A large community of researchers has already analyzed the quality of OSM data. The work of Senaratne et al. (2015) provides a good overview. It has been acknowledged that OSM data in general is strongly biased, in part due to a much larger contributor basis in countries in the global North as a consequence of socio-economic inequalities and the digital divide.
The HeiGIT team at Heidelberg University has addressed OSM data quality questions in research projects over the past years, e.g. to for land use and land cover, and others have investigated the completeness of the road network in OSM. The differences in OSM data quality are visible also on the regional and local scale, such as the ongoing research about building completeness in cities. That’s why we need better spatial data quality assessment to find out if data is “good enough” in my study area for my purpose. This would promote the adoption and (right) usage of new sources of data such as OSM and data products based on OSM. The ohsome quality analyst (OQT) software computes and provides some of these regional data quality estimations, such as indicators for the currentness and completeness of buildings and roads.

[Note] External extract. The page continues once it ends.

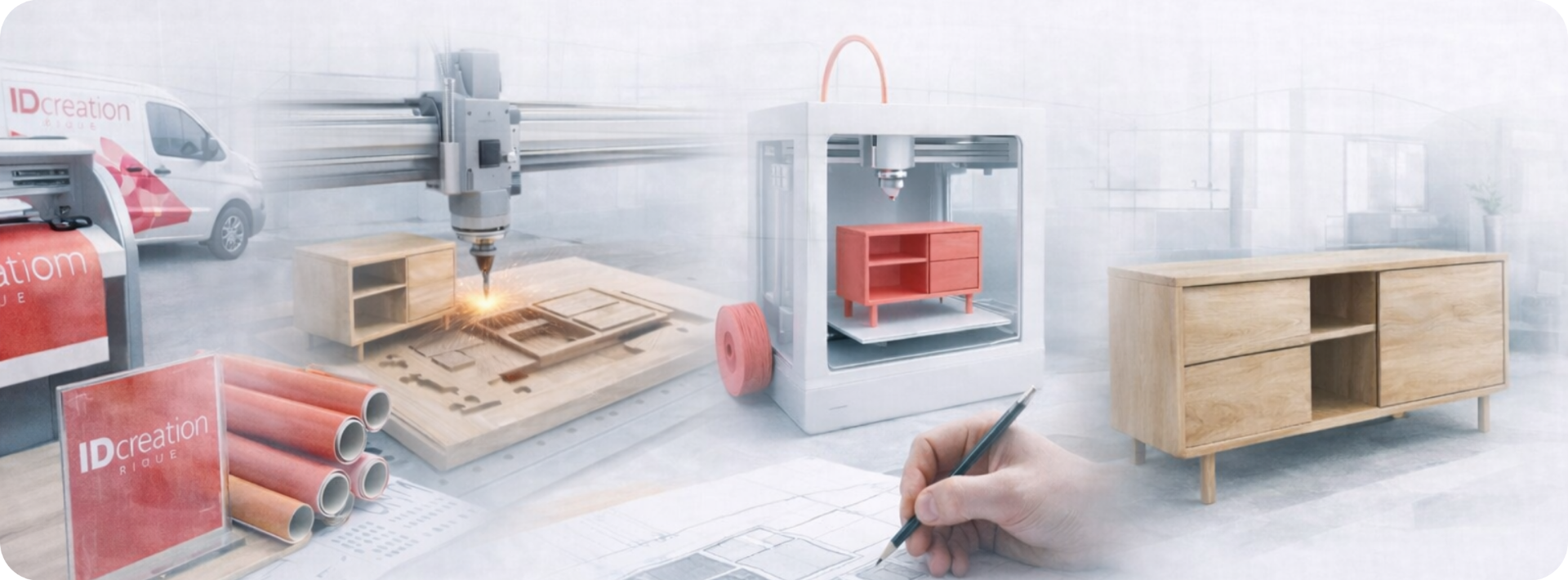 Passionné par l'innovation et la création, je m'appelle Guillaume Rique. J’ai fondé IDcreation pour offrir un service artisanal de haute qualité en impression 3D, découpe laser, CNC bois / usinage et mobilier sur mesure.

Bringing OSM data quality research into practice and to better understand what is the “purpose” OSM data should be fit for, HOT has defined its 5 Impact areas. This helps us decide what we consider to be the core datasets (and OSM data models) that HOT’s communities and partners use. The impact areas are also the starting points to define a set of “data use cases” that contribute most to HOT’s overall mission and strategy.

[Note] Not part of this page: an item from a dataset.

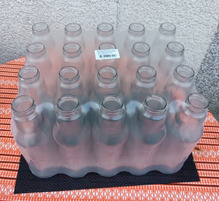 Boce staklene 0,75 litara sa pripadajućim čepovima za sok, sos paradajz i slično. Originalno zapakirani, osobni višak.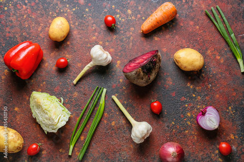 Ingredients for preparing tasty borscht on grunge background

This leads to a set of requirements that indicate when data is suitable to satisfy selected data use cases.Along with identifying metrics and measurements of data quality situated within the three major categories:positional accuracy, completeness, and semantic accuracy. We identified these as part of the first version of the “Data Quality top 10”.
What happens next
A number of activities aiming to improve data quality are already underway. These focus strongly on areas around remote sensing, digitization, and validation via Tasking Manager. We are expanding on these with a wider engagement around data quality aspects via the following:
- Link up potential measurements and metrics to Impact area core datasets.
- With the HOT Regional Hubs, assessing what OSM data insights they need to be able to prioritize and decide on data collection and data quality initiatives.
- Work across HOT’s Data and Tech teams, with input from HeiGIT, to identify the form and shape data quality metrics and insights should take - and how we can go about implementing and publicizing these.
- Consult and discuss with the QA&C working group on their role and capacity in overall data quality planning.
Based on requests from the group that attended, we will be keeping those wanting to learn more about HOT’s roadmap and activities informed in the following ways:
- This blog post, followed by periodic updates (at the minimum quarterly).
- Setting up an OSM wiki page that tracks updates and articles for data quality - both from HOT, but also open to other initiatives.
- Starting an OSM community forum thread for further feedback and ongoing discussion!